In February, a second group based at the University of New South Wales published an article in the journal Nature Nanotechnology reporting their advance: the construction of a single-atom transistor using a different but related design approach.

In both cases, the research teams are international. There is an increasing awareness, however, that Australian scientists have made significant advances this year toward this long-promised new type of computing.

While there is a growing consensus among scientists that working quantum computers will emerge during this decade, there is also a growing belief that they will not replace the conventional computers that are now carried in the pockets of more than half the world’s population. For one thing, most of the quantum computing approaches only worked when temperatures were cooled to near absolute zero.

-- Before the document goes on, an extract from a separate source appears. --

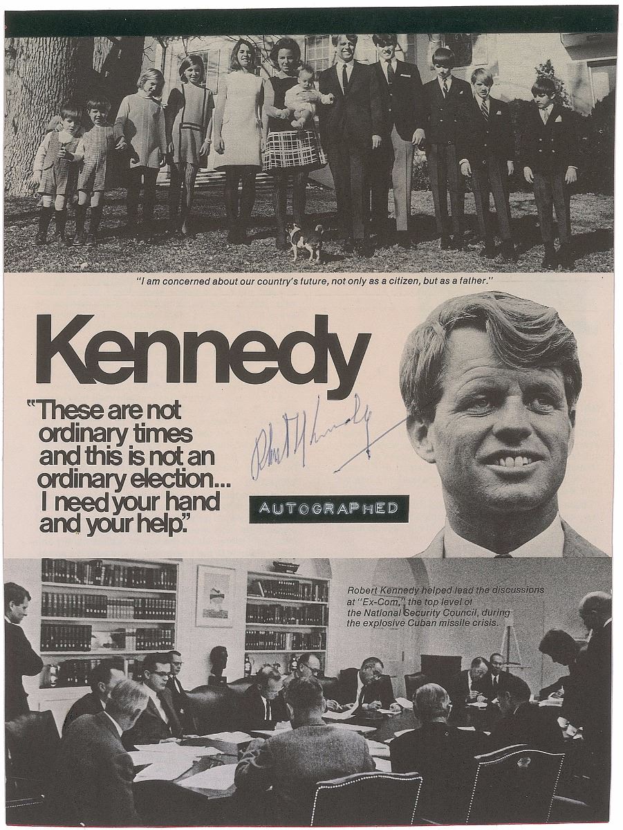 Page from Robert F. Kennedy’s presidential campaign brochure, 8 x 10.75, featuring a portrait of Kennedy between images of his family and him at work, signed in the center in blue ballpoint. Affixed along the top of a same-size cardstock sheet. Two horizontal folds, a strip of tape to top edge, and a Dymo label affixed below the signature, otherwise fine condition.

Though there are only a handful of workable algorithms designed to run on quantum computers, scientists say their application may prove vastly more useful than today’s technology in simulating a wide variety of biological, chemical and physical systems. That means they could become the standard tool for a wide range of new industries, like drug and material design.

The achievements of the two teams is a payoff from an investment the Australian government began making in the 1990s.

“Both groups are highly competitive and leading in the world in what they do,” said Gerhard Klimeck, a professor of electrical and computer engineering at Purdue, who has collaborated with both groups and was a co-author of the Nature Nanotechnology paper.

Dr. Dzurak’s group’s work contrasts with a research team led by Michelle Simmons, director of the ARC Center for Quantum Computation and Communication Technology at the University of New South Wales. That group has taken an approach based on placing individual atoms using a scanning tunneling microscope, allowing great precision in building devices on an atomic scale.

The team led by Dr. Dzurak uses conventional semiconductor techniques to implant a phosphorus atom just 10 to 15 nanometers below the surface of a silicon chip. That approach has the twin advantages of using industry standards and potentially extending the individual electron’s duration in a quantum state.

The United States has federally financed, corporate and university research efforts under way to design usable quantum computers. I.B.M., for example, recently expanded its research at its Almaden laboratory in California.

Andreas Heinrich, a physicist who is a quantum researcher at I.B.M., pointed out that neither Australian group had shown the ability to interconnect multiple qubits. That capability is necessary for a quantum computer.

Dr. Dzurak said he believed that capability could be achieved as soon as a year from now.